1. Avoid Unknown Extensions

Stick to well-established VPN providers only.

2. Check Permissions Carefully

Any extension asking for excessive permissions like screenshot capture should be avoided.

3. Read the Privacy Policy

Look for a clear No-Logs Policy that guarantees your browsing data isn’t stored or sold.

4. Use Paid, Trusted VPNs

Investing a few dollars monthly in a reputable VPN service is far cheaper than risking your entire digital identity.

VPN Comparison: Trusted vs Fake

Feature Trusted VPN (e.g., NordVPN, ExpressVPN) Fake VPN (e.g., FreeVPN.One)
Encryption AES-256 + Secure Protocols Weak or no encryption
Privacy Strict No-Logs Policy Collects & sells user data
Permissions Limited and appropriate Excessive & dangerous
Funding Model Paid subscription “Free” but monetized by spying
Risk Level Low Very High (spying & leaks)

What To Do If You Installed FreeVPN.One

  1. Uninstall the extension immediately.

  2. Reset all important account passwords.

  3. Enable Two-Factor Authentication (2FA).

  4. Monitor bank accounts for suspicious activity.

  5. Run a full antivirus and anti-malware scan (e.g., Malwarebytes, Kaspersky).

Expert Reactions & Global Coverage

Cybersecurity Experts’ Statements

  • TechRadar called it “one of the most dangerous scandals to ever shake Chrome extension trust.”

  • Kaspersky analysts warned that free VPNs often pose bigger risks than traditional malware because they look “safe” on the surface.

International Media Coverage

  • Forbes published a warning urging users not to rely on free VPNs without due diligence.

  • ZDNet highlighted that Chrome’s Verified Badge does not guarantee actual security.

Impact on Google Chrome Web Store

Review System Flaws

This scandal exposed weaknesses in Chrome’s extension review and verification process.

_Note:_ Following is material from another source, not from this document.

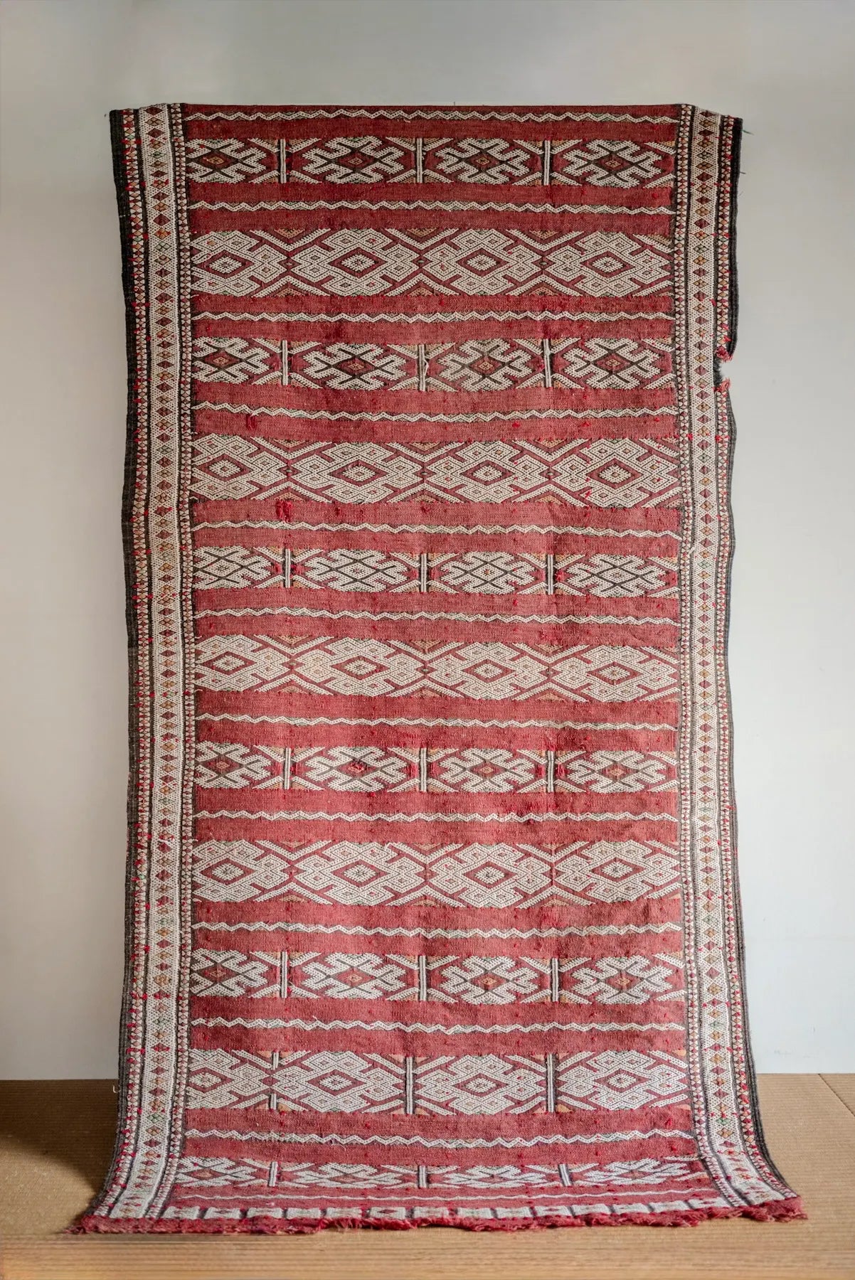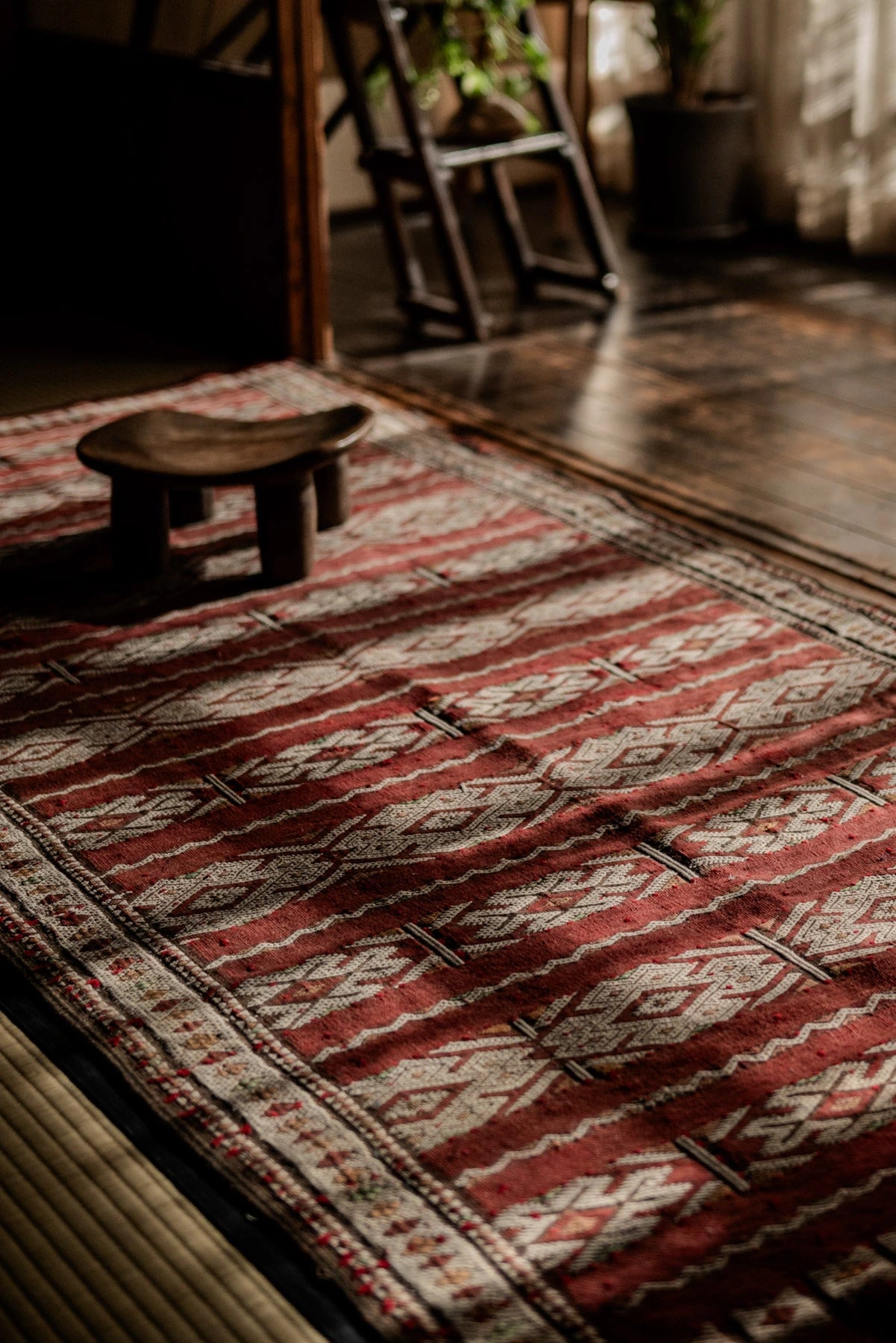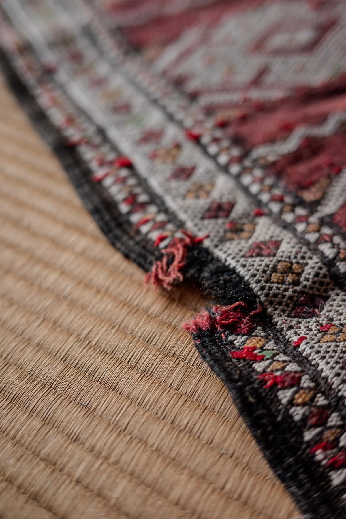 ヴィンテージラグ特有の時間の表情としてお楽しみください。

Call for Stricter Policies

Experts demand that Google enforce tighter security audits, especially for VPNs and privacy-related extensions.

Cybersecurity Experts’ Checklist: How to Stay Safe from Fake VPN Extensions

  • Research the developer: If there’s no official website or trusted reviews, avoid it.

  • Review permissions: VPNs should not need screenshot or file system access.

  • Avoid free, unknown VPNs: If it’s free, you are the product.

  • Stick with trusted providers: NordVPN, ExpressVPN, and ProtonVPN undergo independent security audits.

  • Enable 2FA: Adds an extra security layer even if your data leaks.

  • Keep Chrome updated: Patches fix vulnerabilities that spyware may exploit.

  • Run regular security scans: Use tools like Malwarebytes or Kaspersky.

Conclusion

The FreeVPN.One Chrome extension scandal is not just a technical flaw — it’s a wake-up call. Digital privacy cannot be trusted to free, unverified tools.

To stay protected:

  • Don’t trust unknown free VPNs.

  • Don’t rely solely on Chrome’s Verified Badge.

  • Invest in a reliable, independently audited VPN service.

The internet is full of risks but your awareness is the strongest defense.